*Problem to work on*
Look through the material below. Return exactly the lines from the one with "In the first" through the one with "خاضت اللجنة التحضيرية", both included.

*Exercise material*
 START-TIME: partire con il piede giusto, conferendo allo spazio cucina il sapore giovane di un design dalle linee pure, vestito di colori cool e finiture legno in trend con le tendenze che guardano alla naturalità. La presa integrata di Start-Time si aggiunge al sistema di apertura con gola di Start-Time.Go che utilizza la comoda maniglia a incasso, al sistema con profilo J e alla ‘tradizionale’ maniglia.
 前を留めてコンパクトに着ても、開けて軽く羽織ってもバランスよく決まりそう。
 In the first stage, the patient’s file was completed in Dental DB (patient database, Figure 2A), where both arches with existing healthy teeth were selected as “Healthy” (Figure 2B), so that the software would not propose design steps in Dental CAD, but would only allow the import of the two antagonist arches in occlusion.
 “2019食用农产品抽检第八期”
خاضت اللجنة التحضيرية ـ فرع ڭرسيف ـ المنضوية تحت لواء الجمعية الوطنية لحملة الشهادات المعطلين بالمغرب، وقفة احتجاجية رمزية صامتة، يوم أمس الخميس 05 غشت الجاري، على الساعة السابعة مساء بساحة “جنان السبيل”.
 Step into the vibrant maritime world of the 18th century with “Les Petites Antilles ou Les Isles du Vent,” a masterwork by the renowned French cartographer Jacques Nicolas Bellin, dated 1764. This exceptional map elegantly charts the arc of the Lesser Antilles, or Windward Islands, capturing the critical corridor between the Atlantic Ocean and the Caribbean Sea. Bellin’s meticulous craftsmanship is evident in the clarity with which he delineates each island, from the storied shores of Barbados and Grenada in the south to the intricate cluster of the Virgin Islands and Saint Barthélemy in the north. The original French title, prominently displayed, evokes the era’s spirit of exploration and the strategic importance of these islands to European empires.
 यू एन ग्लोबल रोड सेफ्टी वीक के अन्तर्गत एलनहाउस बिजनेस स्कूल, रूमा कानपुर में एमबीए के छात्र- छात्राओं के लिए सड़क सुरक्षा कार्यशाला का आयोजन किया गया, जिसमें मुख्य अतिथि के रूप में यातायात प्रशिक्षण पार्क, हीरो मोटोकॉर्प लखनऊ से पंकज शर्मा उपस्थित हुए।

*Worked solution*
 In the first stage, the patient’s file was completed in Dental DB (patient database, Figure 2A), where both arches with existing healthy teeth were selected as “Healthy” (Figure 2B), so that the software would not propose design steps in Dental CAD, but would only allow the import of the two antagonist arches in occlusion.
 “2019食用农产品抽检第八期”
خاضت اللجنة التحضيرية ـ فرع ڭرسيف ـ المنضوية تحت لواء الجمعية الوطنية لحملة الشهادات المعطلين بالمغرب، وقفة احتجاجية رمزية صامتة، يوم أمس الخميس 05 غشت الجاري، على الساعة السابعة مساء بساحة “جنان السبيل”.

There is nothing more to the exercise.